If our linear approximation is valid, then we should be able to analyse it as such. As per the solution detailed here, we can analyse the data using the characteristic equation,
`kt=1/(A_0-B_0) [ln((A_0-C_t)/A_0) - ln((B_0-C_t)/B_0)]`
which gives a straight line only if the kinetics exactly match the bimolecular case.
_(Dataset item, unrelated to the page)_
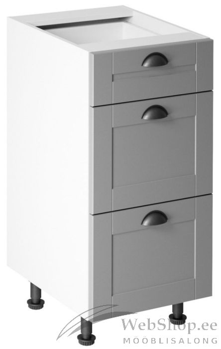 Klassikalise disainiga stiilne sahtlitega köögi põrandakapi korpus on valmistatud kvaliteetsest lamineeritud plaadist ja sahtlite esipaneelid tugevast MDF plaadist.

| `t` | characteristic equation | |
| 0 | 0 | |
| 1000 | 0.057487 | |
| 2000 | 0.113918 | |
| 3000 | 0.169575 | |
| 4000 | 0.224641 | |
| 5000 | 0.279237 | |
| 6000 | 0.333453 | |
| 7000 | 0.387354 | |
| 8000 | 0.44099 | |
| 9000 | 0.494401 | |
| 10000 | 0.547616 | |
| 11000 | 0.600663 | |
| 12000 | 0.65356 | |
| 13000 | 0.706327 | |
| 14000 | 0.758976 | |
| 15000 | 0.811522 | |
| 16000 | 0.863973 | |
| 17000 | 0.91634 | |
| 18000 | 0.96863 | |
| 19000 | 1.020851 | |
| 20000 | 1.073008 |
Once we have plot our characteristic equation, once again, we interpret the gradient as the rate constant, which as expected, is in perfect agreement with that used to generate the simulated data.